REQUIRED ACTION: What you return must be the data below, word for word, without any images.

SUPPLIED DATA:

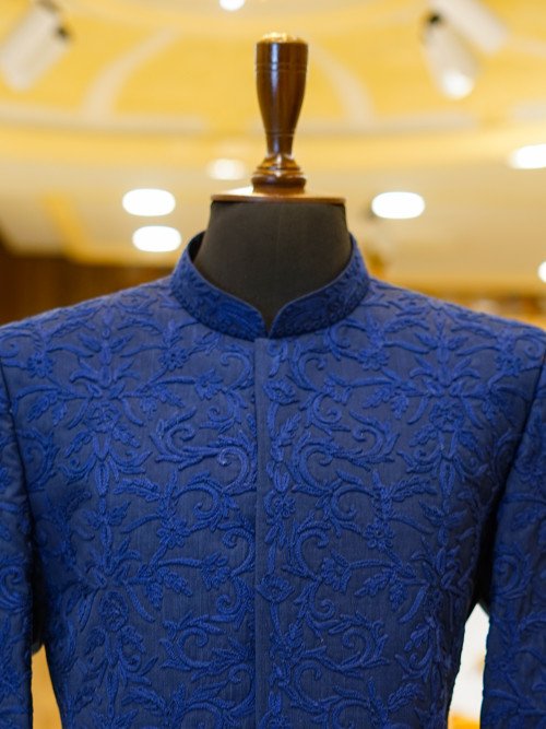 Exude regal charm in this blue Prince Coat, richly detailed with full embroidery.
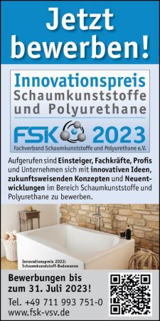 „Wir spüren deutlich, was in der Industrie los ist. In der Branche der Polyurethane und Schaumkunststoffe fehlt es nicht an Innovationen. Kaum eine andere ist so zukunftsträchtig und entwicklungsfreudig. Es fehlt an der Zeit! Aus den Reihen der Mitglieder hören wir klar, dass es ein turbulentes Jahr ist und vieles hintenanstehen muss, was über das Kerngeschäft hinausgeht. Deshalb haben wir beschlossen allen etwas mehr Zeit zu geben und verlängern daher kurzfristig die Bewerbungsfrist für unseren Innovationspreis bis zum 31.07.2023“, so FSK-Geschäftsführer Klaus Junginger. „Die Bewerbungskriterien und das Verfahren sind unverändert. Wir haben auch schon einige starke Bewerbungen, möchten aber weiteren Kandidaten die Chance eröffnen Ihr Projekt einzureichen.“
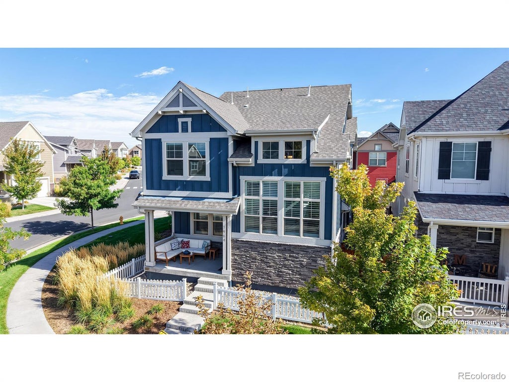 Welcome to this stunning home in Broomfield offering a thoughtful layout, stylish finishes, and versatile living spaces. Upon entering, you're greeted by soaring ceilings and dramatic floor-to-ceiling windows with shutters that fill the home with natural light. The family room features hardwood floors and a gas fireplace with tile surround, flowing seamlessly into the kitchen with stone counters, subway tile backsplash, a large island, and ample cabinetry. A formal dining room/study with a charming barn door and a convenient drop zone off the oversized 2-car garage enhances functionality. Upstairs, a loft provides flexible space for work or play. The spacious primary suite boasts vaulted ceilings, a cozy seating area, and a luxurious 5-piece ensuite bathroom with dual vanities, a large soaking tub, a walk-in shower, and a generous walk-in closet. Two additional guest bedrooms, two bathrooms, and a laundry room complete the upper level. The finished basement expands the living options with a large flex space, a private gym with a barn door, a bedroom, a bathroom, and a storage room. Enjoy outdoor living with a covered front porch and fenced yard, plus a covered side patio and fenced side yard-perfect for entertaining or relaxing. Great neighborhood with walking trails, lake access, pool, and clubhouse. Easy access to Denver, Boulder, and DIA. Hurry, this charming home could be yours!
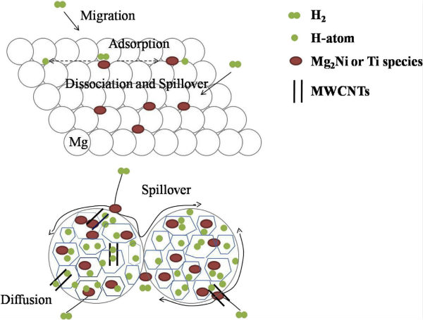 本中心氢能源材料研究团队最近报道了多壁碳纳米管载镍和TiF3对镁基氢化物储氢性能的影响。该研究表明,采用氢化燃烧合成(Hydriding Combustion Synthesis,HCS)与机械球磨(Mechanical Milling,MM)复合制备技术(HCS+MM),大大改善了镁基储氢材料的吸放氢性能,Mg85-(Ni/MWCNTs)15体系表现出最好的性能,该体系可在373 K,100 s内吸收5.68 wt%的氢,并且在523 K,1800 s内放氢量可达4.31 wt%。添加TiF3可使该体系吸放氢性能得到进一步的提升。材料中原位生成的纳米Mg2Ni颗粒、多壁碳纳米管和TiF3协同作用,显著促进了镁基氢化物的吸放氢性能。该项工作近期发表在Journal of Alloys and Compounds, 2016, 669: 8-18期刊上。

EXPECTED ANSWER:
 Exude regal charm in this blue Prince Coat, richly detailed with full embroidery.
 „Wir spüren deutlich, was in der Industrie los ist. In der Branche der Polyurethane und Schaumkunststoffe fehlt es nicht an Innovationen. Kaum eine andere ist so zukunftsträchtig und entwicklungsfreudig. Es fehlt an der Zeit! Aus den Reihen der Mitglieder hören wir klar, dass es ein turbulentes Jahr ist und vieles hintenanstehen muss, was über das Kerngeschäft hinausgeht. Deshalb haben wir beschlossen allen etwas mehr Zeit zu geben und verlängern daher kurzfristig die Bewerbungsfrist für unseren Innovationspreis bis zum 31.07.2023“, so FSK-Geschäftsführer Klaus Junginger. „Die Bewerbungskriterien und das Verfahren sind unverändert. Wir haben auch schon einige starke Bewerbungen, möchten aber weiteren Kandidaten die Chance eröffnen Ihr Projekt einzureichen.“
 Welcome to this stunning home in Broomfield offering a thoughtful layout, stylish finishes, and versatile living spaces. Upon entering, you're greeted by soaring ceilings and dramatic floor-to-ceiling windows with shutters that fill the home with natural light. The family room features hardwood floors and a gas fireplace with tile surround, flowing seamlessly into the kitchen with stone counters, subway tile backsplash, a large island, and ample cabinetry. A formal dining room/study with a charming barn door and a convenient drop zone off the oversized 2-car garage enhances functionality. Upstairs, a loft provides flexible space for work or play. The spacious primary suite boasts vaulted ceilings, a cozy seating area, and a luxurious 5-piece ensuite bathroom with dual vanities, a large soaking tub, a walk-in shower, and a generous walk-in closet. Two additional guest bedrooms, two bathrooms, and a laundry room complete the upper level. The finished basement expands the living options with a large flex space, a private gym with a barn door, a bedroom, a bathroom, and a storage room. Enjoy outdoor living with a covered front porch and fenced yard, plus a covered side patio and fenced side yard-perfect for entertaining or relaxing. Great neighborhood with walking trails, lake access, pool, and clubhouse. Easy access to Denver, Boulder, and DIA. Hurry, this charming home could be yours!
 本中心氢能源材料研究团队最近报道了多壁碳纳米管载镍和TiF3对镁基氢化物储氢性能的影响。该研究表明,采用氢化燃烧合成(Hydriding Combustion Synthesis,HCS)与机械球磨(Mechanical Milling,MM)复合制备技术(HCS+MM),大大改善了镁基储氢材料的吸放氢性能,Mg85-(Ni/MWCNTs)15体系表现出最好的性能,该体系可在373 K,100 s内吸收5.68 wt%的氢,并且在523 K,1800 s内放氢量可达4.31 wt%。添加TiF3可使该体系吸放氢性能得到进一步的提升。材料中原位生成的纳米Mg2Ni颗粒、多壁碳纳米管和TiF3协同作用,显著促进了镁基氢化物的吸放氢性能。该项工作近期发表在Journal of Alloys and Compounds, 2016, 669: 8-18期刊上。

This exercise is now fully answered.